Saturday, February 27, 2016

What does Ahab hope to achieve by battling nature's mysteries in Moby Dick?

The pursuit of the great white whale, in whom Ahab imbues
preternatual powers, is a metaphor for the conflict between man and the power of nature,
between man and his own fate.  For Ahab, orphaned at a young age and having lived on
ships most of his life, the sea represents the universe.  In Chapter 36, "The Quarter
Deck," of Moby Dick, Ahab tells his
crew,



"All
visible objects, man, are but as pasteboard masks.

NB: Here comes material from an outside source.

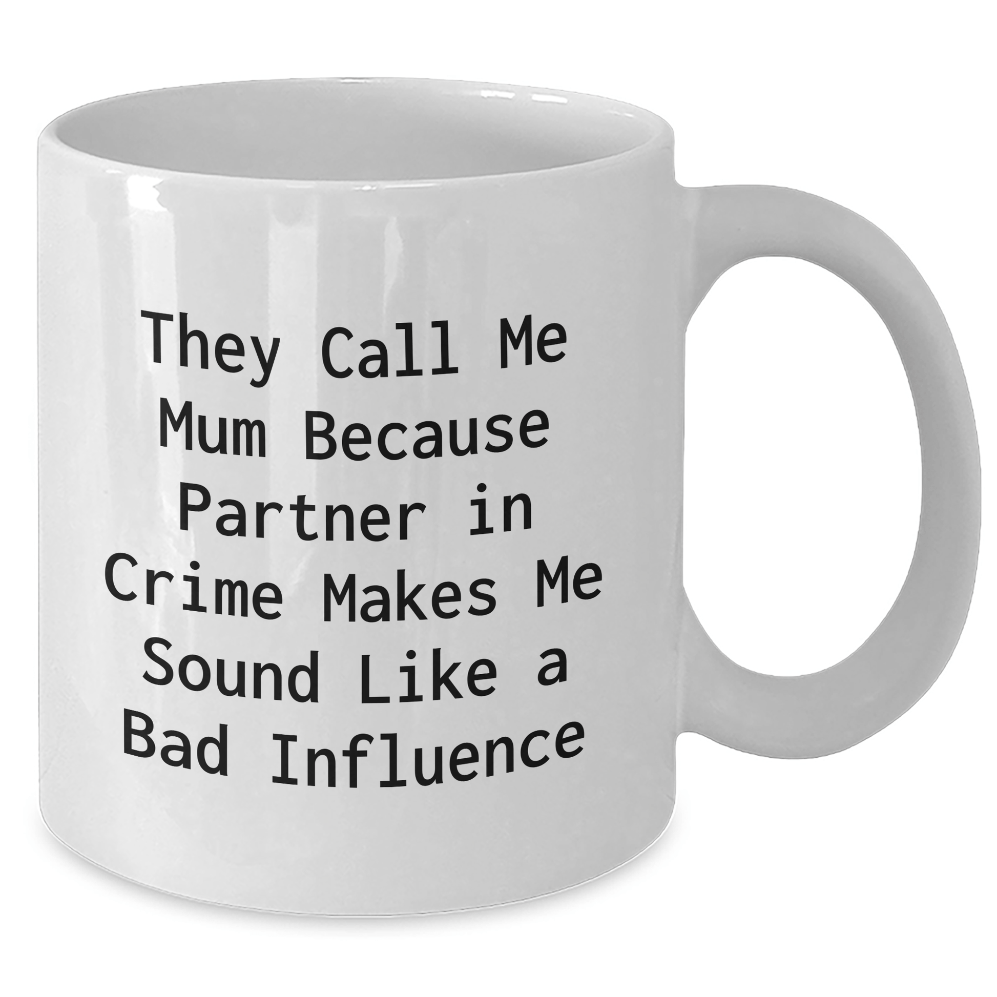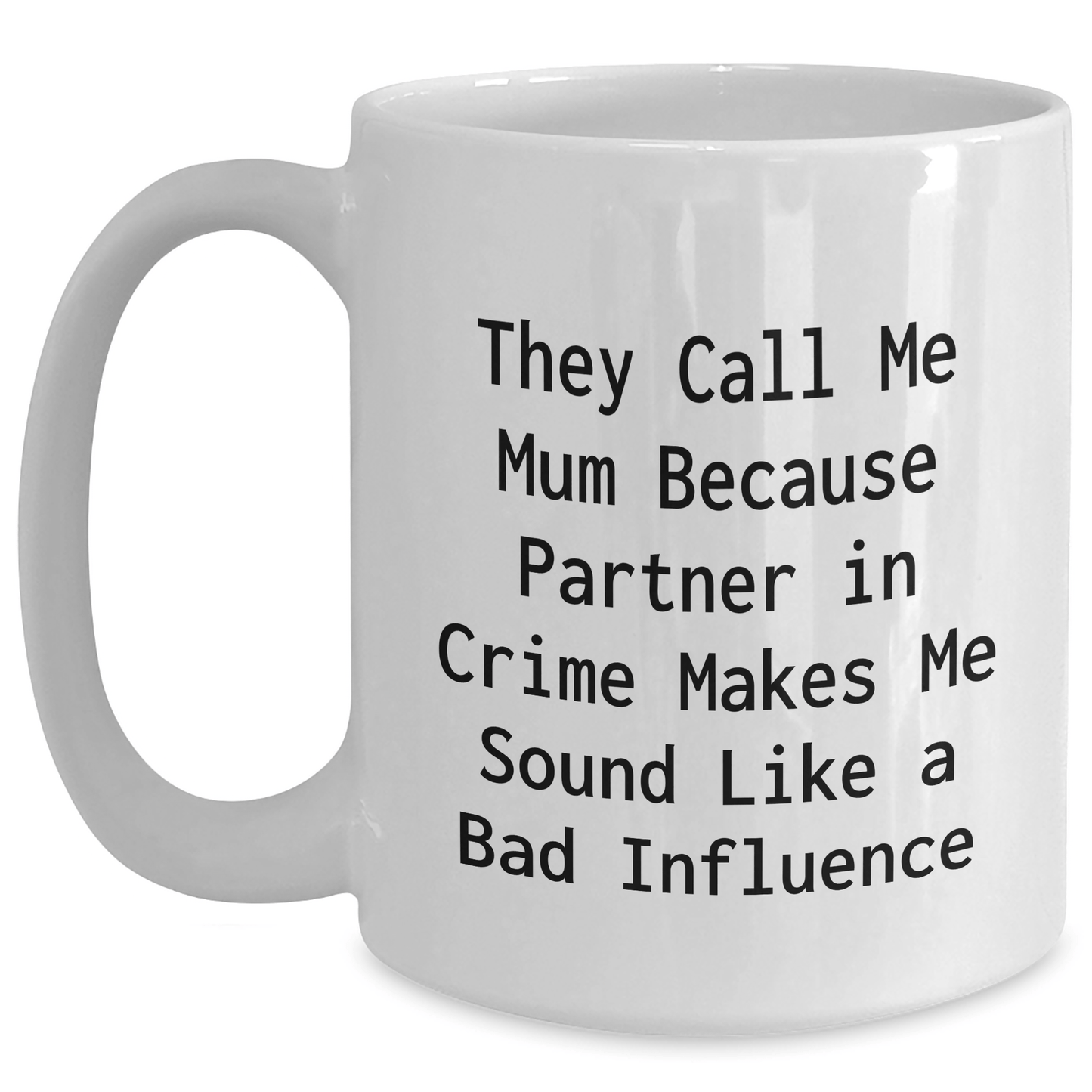 - Mums will love this thoughtful gift on Father's Day, featuring the quote 'They Call Me Mum Because Partner In Crime Makes Me Sound Like A Bad Influence' in a fun and playful way. This white coffee mug is perfect for sipping morning coffee or tea, and its 11oz or 15oz capacity ensures you can enjoy your favorite beverage without having to worry about running out.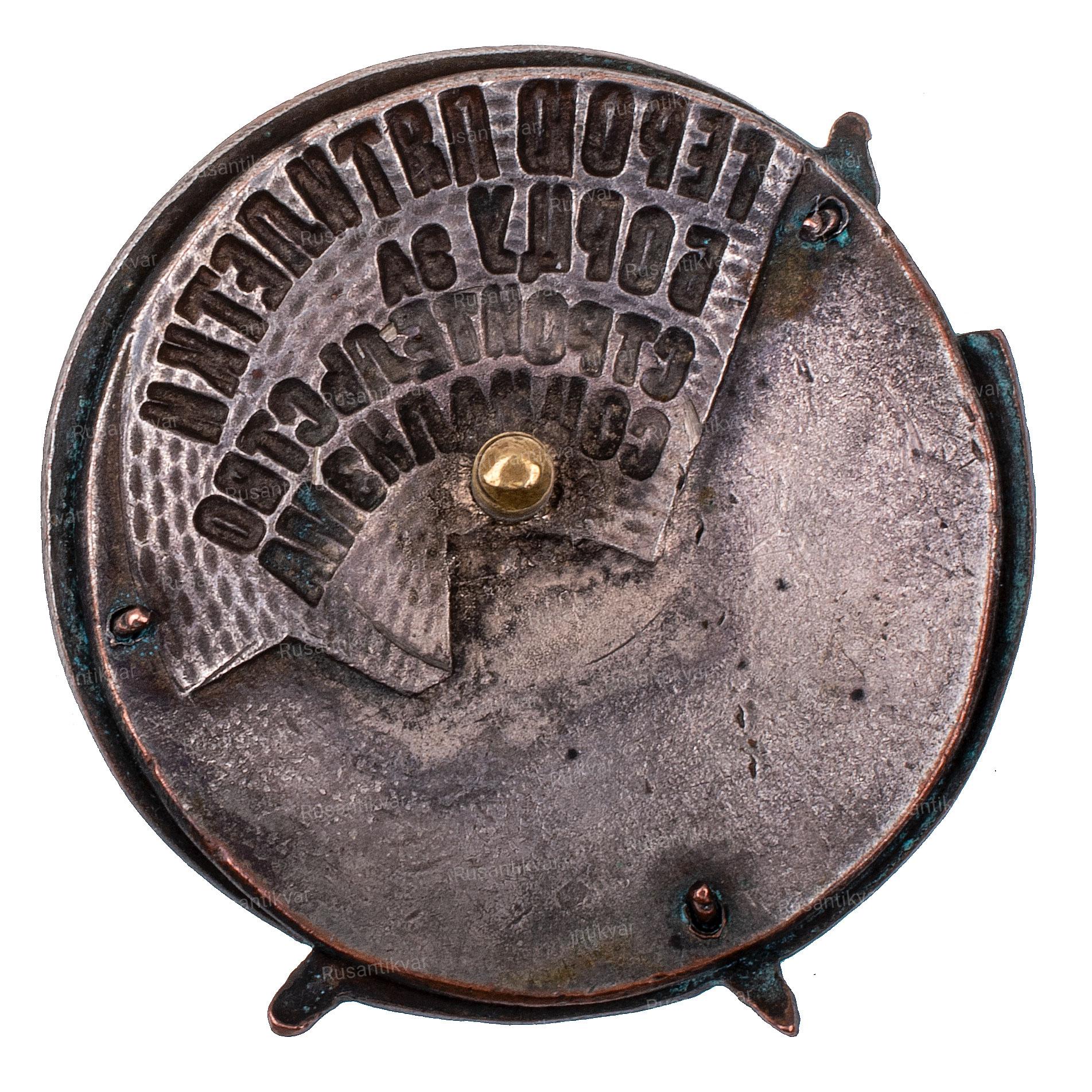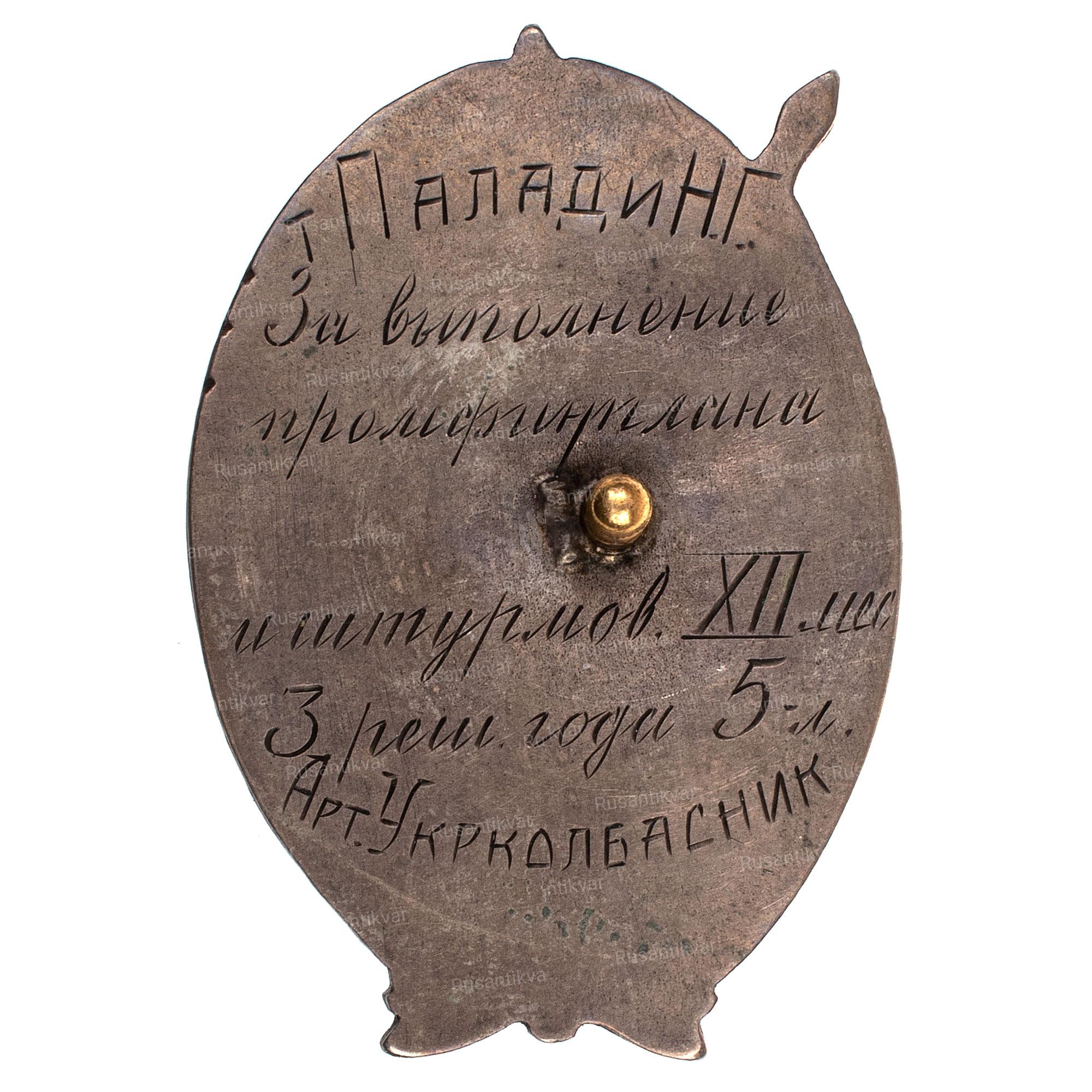 На реверсе надпись штихелем:"т.Палади Н.Г. за выполнение промфинплана и штурмов. XII мес 3 реш.года 5-л.Арт.Укрколбасник"

But in each event--in the living act,
the undoubted deed--there, some unknown but still reasoning thing puts forth the
moldings of its feature from behind the unreasoning mask.  If man will strike, strike
through the mask!  How can the prisoner reach outside except by thrusting through the
wall?  To me, the White Whale is that wall, shoved near to me.  Sometimes I think
there's naught beyond.  But 'tis enough.  He tasks me; he heaps me; I see in him
outrageous strength, with an inscrutable malice sinewing it.  That inscrutable thing is
chiefly what I hate." 



Ahab
would know the mysteries of nature, a nature that is often a dark force against man.  By
breaking through the "pasteboard mask" of the whale and other natural forces, Ahab hopes
to understand existential meanings, to make some sense of existence and man's role in
this mysterious world.  He pursues Moby Dick, a metaphysical force that knows the depths
of the sea, a symbol of existential consciousness, to whatever destiny may bring.  Thus,
Ahab's quest is biblical and epic in nature.